Your objective
Restate word for word the lines below that run from the one holding "M10 and M12" through the one holding "Capa de porta", inclusive. Pictures don't belong in the copy.

Material for this task
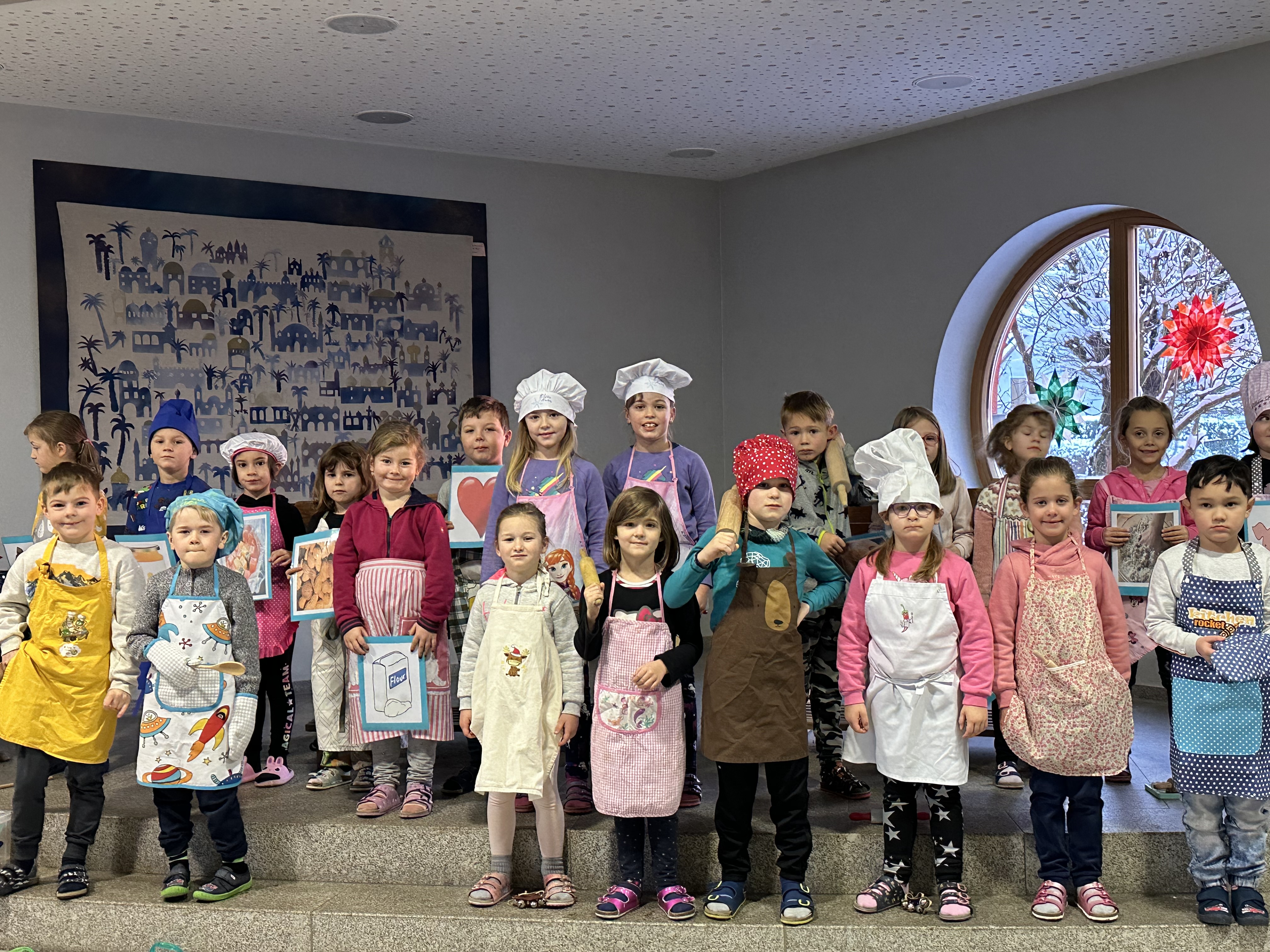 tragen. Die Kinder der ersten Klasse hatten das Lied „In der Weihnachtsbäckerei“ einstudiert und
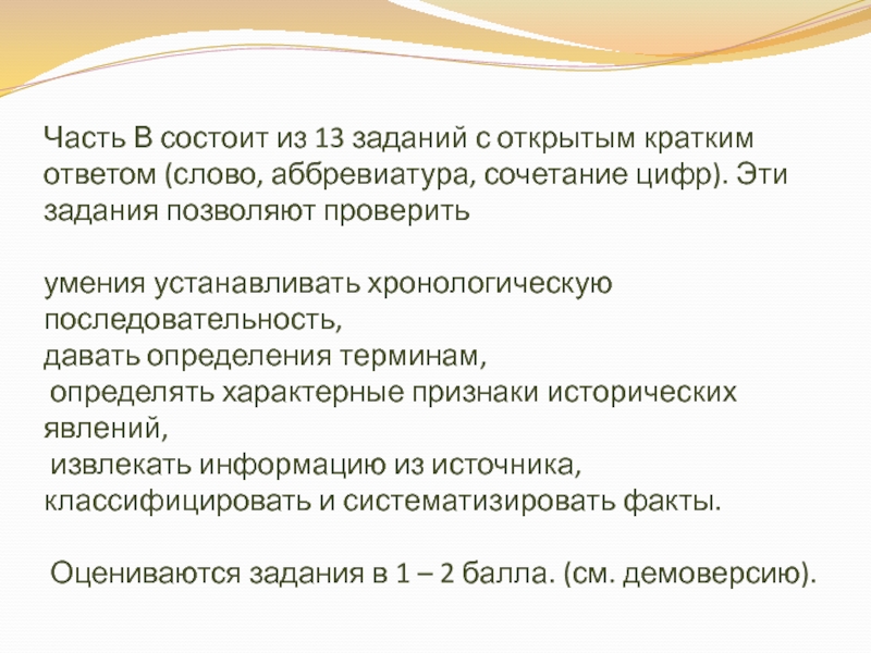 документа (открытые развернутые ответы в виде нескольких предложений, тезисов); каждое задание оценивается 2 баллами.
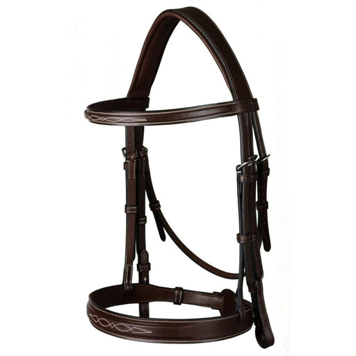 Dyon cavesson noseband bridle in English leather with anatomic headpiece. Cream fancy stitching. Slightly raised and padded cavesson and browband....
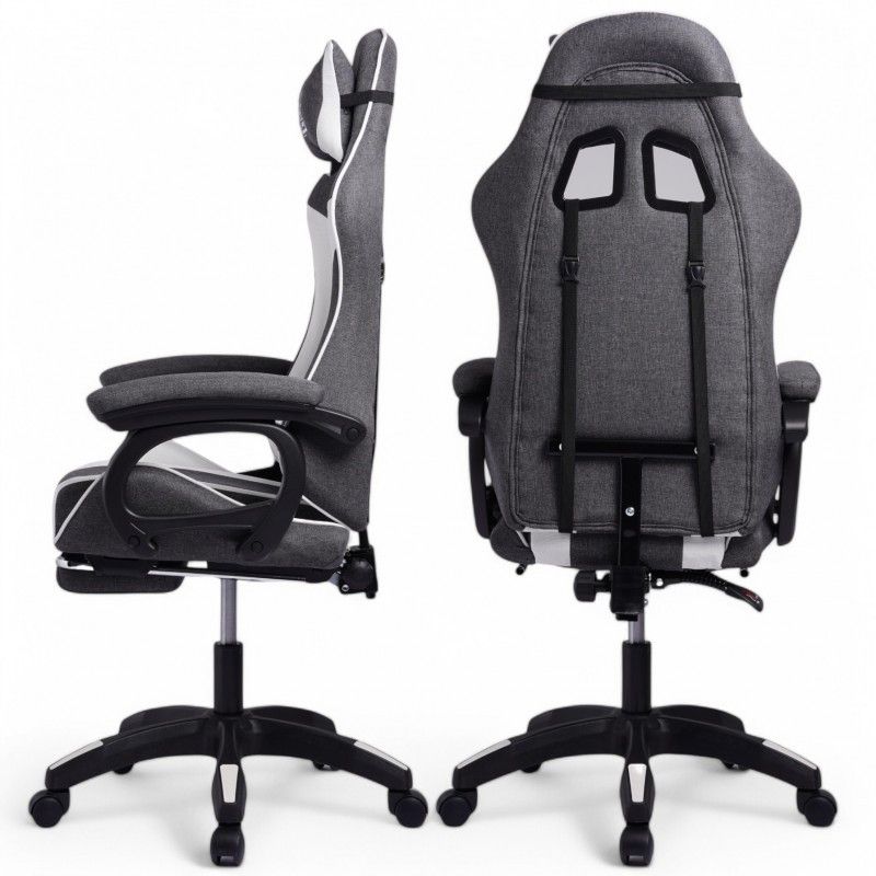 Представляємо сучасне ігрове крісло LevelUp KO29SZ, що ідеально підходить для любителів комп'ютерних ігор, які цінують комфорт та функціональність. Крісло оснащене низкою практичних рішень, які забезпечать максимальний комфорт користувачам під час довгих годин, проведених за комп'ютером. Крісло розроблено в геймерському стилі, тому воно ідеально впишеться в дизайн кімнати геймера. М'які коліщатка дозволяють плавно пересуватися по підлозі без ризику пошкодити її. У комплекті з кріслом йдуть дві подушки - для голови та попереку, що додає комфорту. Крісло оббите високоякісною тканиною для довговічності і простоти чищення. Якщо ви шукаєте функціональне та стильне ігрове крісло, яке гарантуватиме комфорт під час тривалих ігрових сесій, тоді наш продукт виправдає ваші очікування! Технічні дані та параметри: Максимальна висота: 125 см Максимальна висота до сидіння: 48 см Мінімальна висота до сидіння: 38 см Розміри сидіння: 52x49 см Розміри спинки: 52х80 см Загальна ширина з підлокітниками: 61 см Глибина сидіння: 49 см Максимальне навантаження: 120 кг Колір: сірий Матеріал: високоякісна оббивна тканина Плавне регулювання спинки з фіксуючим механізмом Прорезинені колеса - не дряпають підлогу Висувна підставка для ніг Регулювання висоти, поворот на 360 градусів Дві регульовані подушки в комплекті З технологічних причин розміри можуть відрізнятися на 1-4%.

* * *

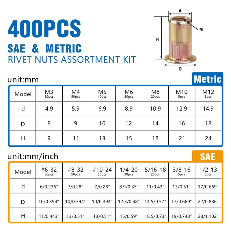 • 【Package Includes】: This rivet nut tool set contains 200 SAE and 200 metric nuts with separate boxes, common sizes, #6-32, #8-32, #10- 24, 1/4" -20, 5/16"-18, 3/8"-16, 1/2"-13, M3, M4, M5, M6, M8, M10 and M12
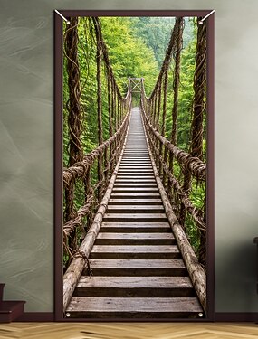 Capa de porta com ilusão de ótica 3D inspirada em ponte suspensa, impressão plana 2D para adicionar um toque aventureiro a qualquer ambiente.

Task output
 • 【Package Includes】: This rivet nut tool set contains 200 SAE and 200 metric nuts with separate boxes, common sizes, #6-32, #8-32, #10- 24, 1/4" -20, 5/16"-18, 3/8"-16, 1/2"-13, M3, M4, M5, M6, M8, M10 and M12
 Capa de porta com ilusão de ótica 3D inspirada em ponte suspensa, impressão plana 2D para adicionar um toque aventureiro a qualquer ambiente.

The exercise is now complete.